Molecular mechanism of action of 5,6-dihydroxytryptamine. Synthesis and biological evaluation of 4-methyl-, 7-methyl-, and 4,7-dimethyl-5,6-dihydroxytryptamines.

The major mechanism by which the serotonin neurotoxin 5,6-dihydroxytryptamine (5,6-DHT) expresses its neurodegenerative action may involve alkylation of biological nucleophiles by the electrophilic quinoid autoxidation products. To determine the relative importance of various sites on these autoxidation products toward alkylation we have rationally designed and synthesized 4-Me-5,6-DHT (16a), 7-Me-5,6-DHT (16b), and 4,7-Me2-5,6-DHT (16c). The indole nucleus of these analogues was constructed by the reductive cyclization of the corresponding 2, beta-dinitrostyrenes, and the aminoethyl side chain was introduced via gramine methiodides. Redox data showed that all the analogues are more readily oxidized compared to 5,6-DHT. The biological activity was evaluated in differentiated neuroblastoma N-2a cells in culture.
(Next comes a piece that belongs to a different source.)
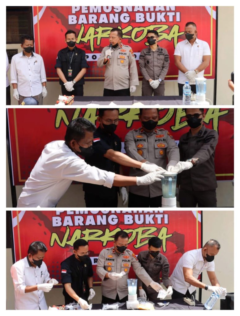Adapun Barang Bukti tersebut Dimusnahkan dengan cara di Blender, dan Air Bekas Pemusnahan itu dibuang ke Kloset Kamar Mandi. Total Barang Bukti yang Dimusnahkan sebesar, 697,7 Gram.

The order of inhibitory potency, as determined by measuring the inhibition of incorporation of [3H]thymidine into DNA, was 16c much greater than 16a greater than 5,6-DHT approximately equal to 16b. The order of affinity (expressed as IC50 values in microM) for serotonergic uptake as determined by measuring their inhibition of [3H]-5-HT uptake was 5,6-DHT (4) greater than 16c (20) greater than 16a (23) greater than 16b (52). The results of these studies established that these rationally designed C-methylated analogues of 5,6-DHT are suitable probes for elucidating the molecular mechanism of action of 5,6-DHT.[1]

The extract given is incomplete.